New insights on Mechanistic Model for CO₂ Corrosion of Carbon Steel Under Acidic Conditions (RIP2026-00095)

Marcelo Sampaio, jessica Nogueira da Cunha, Tatiana Almeida, Eliane D'EliA, Oscar Rosa Mattos

Universidade Federal do Rio de Janeiro, Universidade Federal do Rio de Janeiro, Universidade Federal do Rio de Janeiro, LNDC/UFRJ

The corrosion of carbon steel in CO₂-containing environments is a major concern in the oil and gas industry, where the exposure of pipelines and equipment to CO₂-rich aqueous phases accelerates metal degradation and has been studied for more than fifty years. From classical studies in the 1970s it became widely accepted that carbonic acid acts as an additional cathodic reactant, thus increasing corrosion rates beyond those observed in strong acids at the same pH. However, subsequent research challenged this assumption. Alternative interpretations suggested that the CO₂ system enhances corrosion through its buffering capability. Despite these advances, inconsistencies persisted in correlating corrosion kinetics with measurable parameters such as pH, electrochemical response, and mass loss.
Considering the above, electrochemical impedance was used to investigate the effect of CO2 on X65 carbon steel corrosion in in 0.17 mol L⁻¹ NaCl solutions at pH 3, 4, and 5, both in nitrogen-purged conditions and in CO₂-saturated media. The steel used was API 5L X65, and the experiments also included steady-state polarization curves and mass loss testing.
The polarization curves revealed a fundamental difference between media with and without CO₂. In nitrogen-purged solutions, corrosion current densities increased significantly as pH decreased. Conversely, in CO₂-saturated solutions, corrosion rates remained essentially constant across all pH values tested.

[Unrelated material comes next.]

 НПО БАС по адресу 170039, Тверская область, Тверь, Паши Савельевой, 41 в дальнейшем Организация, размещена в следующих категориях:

Electrochemical impedance results further supported this finding. In all conditions, the diagrams exhibited three time constants: a high-frequency capacitive loop corresponding to double-layer response, a mid-frequency inductive loop associated with intermediate like (FeOH)ads, and a low-frequency capacitive feature. In the absence of CO₂, the inductive loop characteristic frequency was strongly dependent on pH, shifting to higher values as acidity increased. However, when CO₂ was present, the frequency of this inductive loop remained independent of pH and instead shifted only when the electrode potential was varied. Mass loss results confirmed the electrochemical trends.

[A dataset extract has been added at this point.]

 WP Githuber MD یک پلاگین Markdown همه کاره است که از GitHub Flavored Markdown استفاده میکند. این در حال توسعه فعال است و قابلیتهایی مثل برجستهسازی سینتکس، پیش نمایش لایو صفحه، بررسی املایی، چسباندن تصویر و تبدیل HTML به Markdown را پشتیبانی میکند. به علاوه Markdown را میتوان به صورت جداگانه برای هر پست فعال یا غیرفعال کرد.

The main contribution of the present work lies in present a new reaction mechanism pathway in the hydrogen evolution reaction, associated to the carbonic species. It was determined that one of the cathodic elementary steps becomes independent of surface H⁺ concentration when CO₂ is present. The newly proposed model successfully reproduces experimental observations in both steady-state and transient regimes.
The work provides significant advances toward a more complete mechanistic understanding of CO₂ corrosion of carbon steel. This refined understanding is critical for the development of improved predictive models and mitigation strategies for pipeline corrosion in oil and gas systems.